### Source data
********************

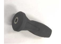
ノンラチェットハンドル
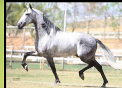
SEU PAI, LAÇADOR DE ALCATÉIA
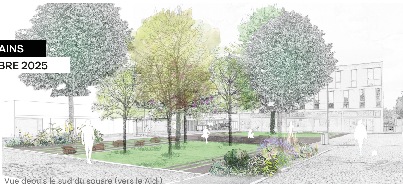
Vue depuis le sud du square (vers le Aldi)
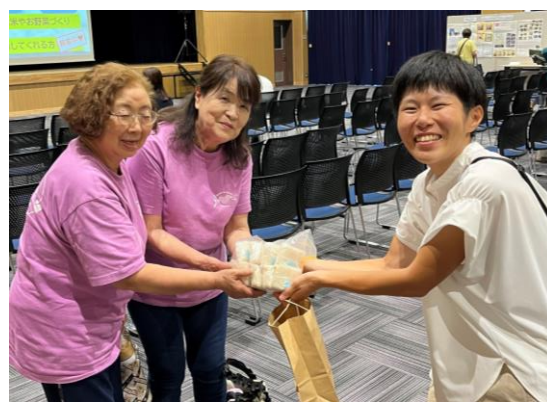
↑ 午後の上映終了後、白米9合を みなひろ食堂さんに寄贈しました。

********************

### Exercise details
Every line above is to be duplicated exactly; no picture should be carried over.

### Output below
ノンラチェットハンドル
SEU PAI, LAÇADOR DE ALCATÉIA
Vue depuis le sud du square (vers le Aldi)
↑ 午後の上映終了後、白米9合を みなひろ食堂さんに寄贈しました。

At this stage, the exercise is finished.